- [Problem requirements] A verbatim copy of the data is wanted, minus any picture in it.

Data records
::::::::::

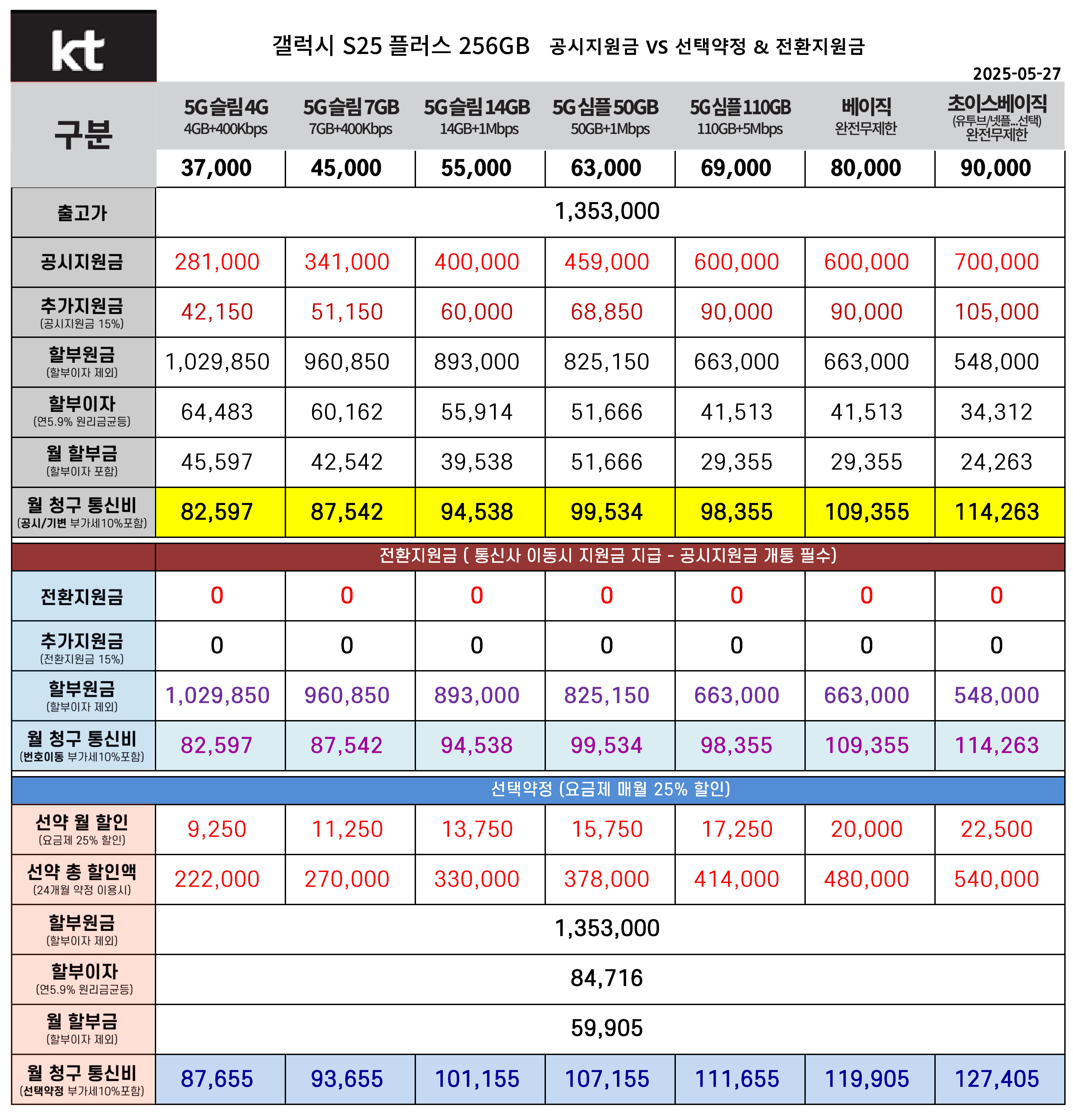 KT 갤럭시 S25 플러스 256GB 공시지원금 & 선택약정 월 통신비 요금표
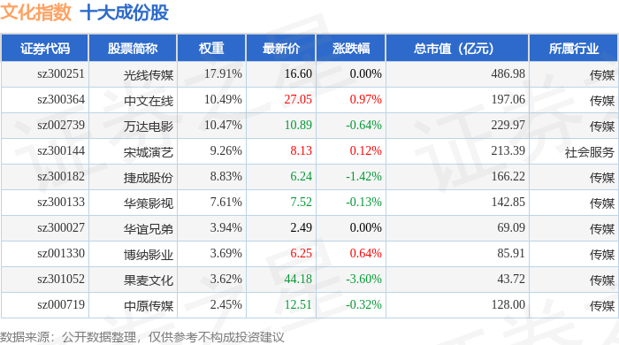 证券之星消息,10月27日,文化指数(399248)报收于922.03点,跌0.16%,成交78.33亿元,换手率3.18%。当日该指数成份股中,上涨的有10家,幸福蓝海以3.4%的涨幅领涨,下跌的有11家,荣信文化以4.84%的跌幅领跌。
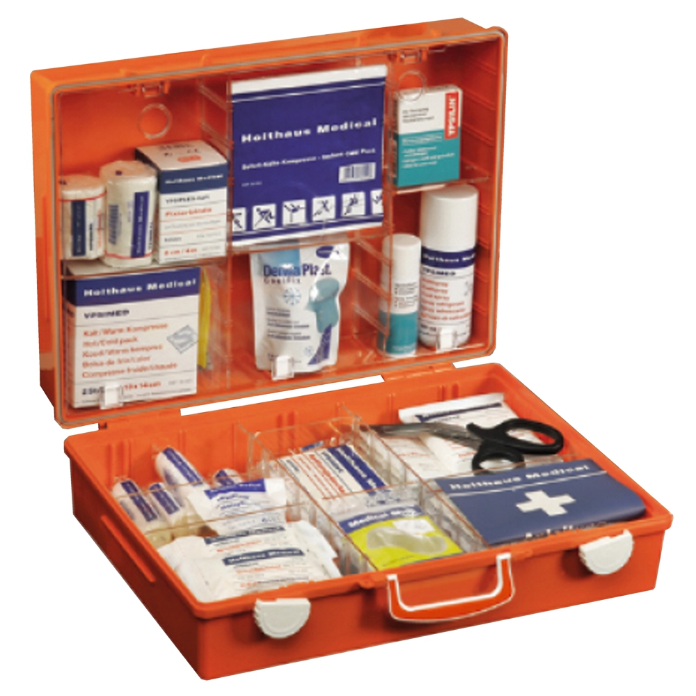 Hochwertiger Koffer aus ABS mit bedarfsgerechter Füllung für den Sport-Bereich. Inklusive Kältekompressen, Kühlspray, Kühlbinde und Universalschiene sowie Beatmungstuch, Blasenpflaster und div. Verbandstoffe zur Ersten Hilfe, 40 x 30 x 15 cm, gefüllt, orange.
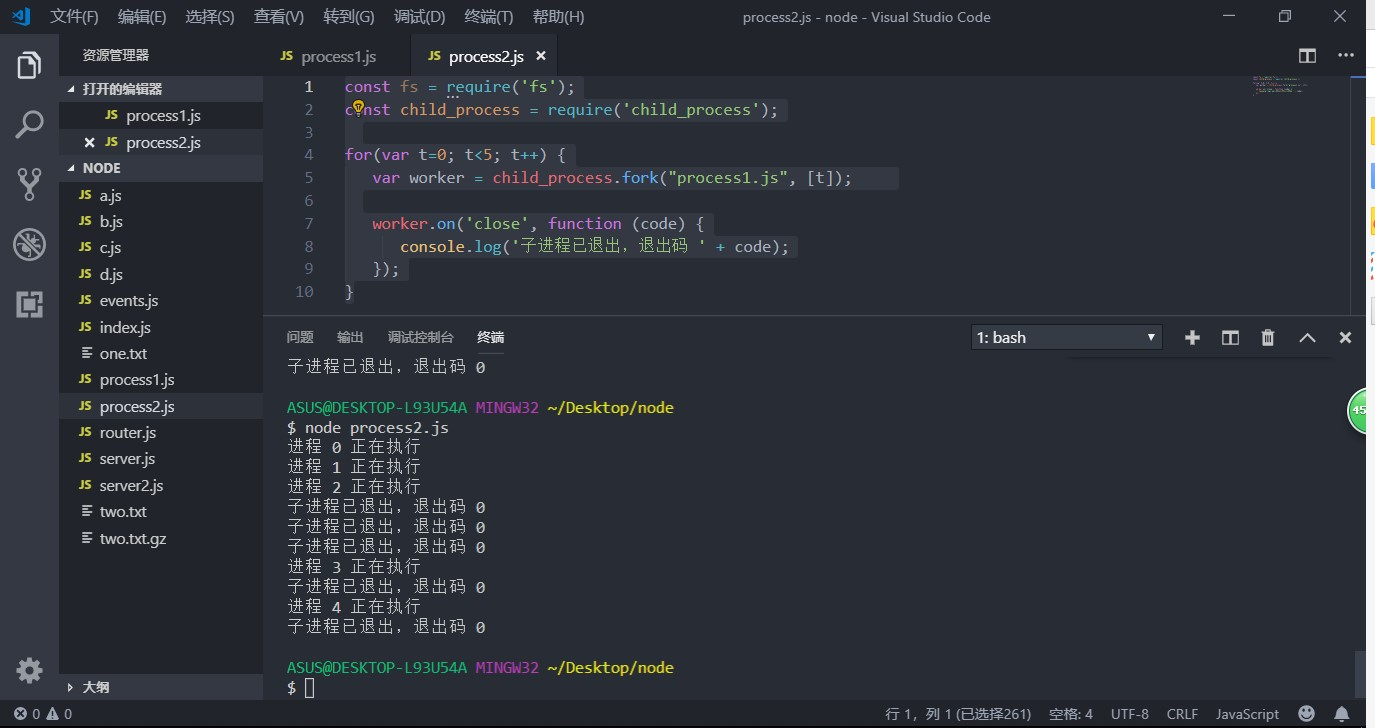 const fs = require('fs');const child_process = require('child_process');for(var t=0; t<5; t++) { var worker = child_process.fork("process1.js", [t]); worker.on('close', function (code) { console.log('子进程已退出,退出码 ' + code); });}
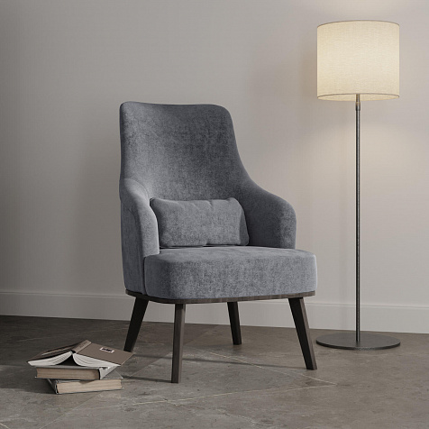 Кресло «Ноа» — минималистичная модель идеально подойдет для создания уютной зоны отдыха. Кресло в скандинавском стиле выделяется высокой спинкой, плавно перетекающей в подлокотники. Лаконичный образ завершает деревянное основание с тонкими опорами. Небольшая декоративная подушка поможет скорректировать глубину посадки для более комфортного отдыха.

::::::::::

- [Reply to the exercise]
 KT 갤럭시 S25 플러스 256GB 공시지원금 & 선택약정 월 통신비 요금표
 证券之星消息,10月27日,文化指数(399248)报收于922.03点,跌0.16%,成交78.33亿元,换手率3.18%。当日该指数成份股中,上涨的有10家,幸福蓝海以3.4%的涨幅领涨,下跌的有11家,荣信文化以4.84%的跌幅领跌。
 Hochwertiger Koffer aus ABS mit bedarfsgerechter Füllung für den Sport-Bereich. Inklusive Kältekompressen, Kühlspray, Kühlbinde und Universalschiene sowie Beatmungstuch, Blasenpflaster und div. Verbandstoffe zur Ersten Hilfe, 40 x 30 x 15 cm, gefüllt, orange.
 const fs = require('fs');const child_process = require('child_process');for(var t=0; t<5; t++) { var worker = child_process.fork("process1.js", [t]); worker.on('close', function (code) { console.log('子进程已退出,退出码 ' + code); });}
 Кресло «Ноа» — минималистичная модель идеально подойдет для создания уютной зоны отдыха. Кресло в скандинавском стиле выделяется высокой спинкой, плавно перетекающей в подлокотники. Лаконичный образ завершает деревянное основание с тонкими опорами. Небольшая декоративная подушка поможет скорректировать глубину посадки для более комфортного отдыха.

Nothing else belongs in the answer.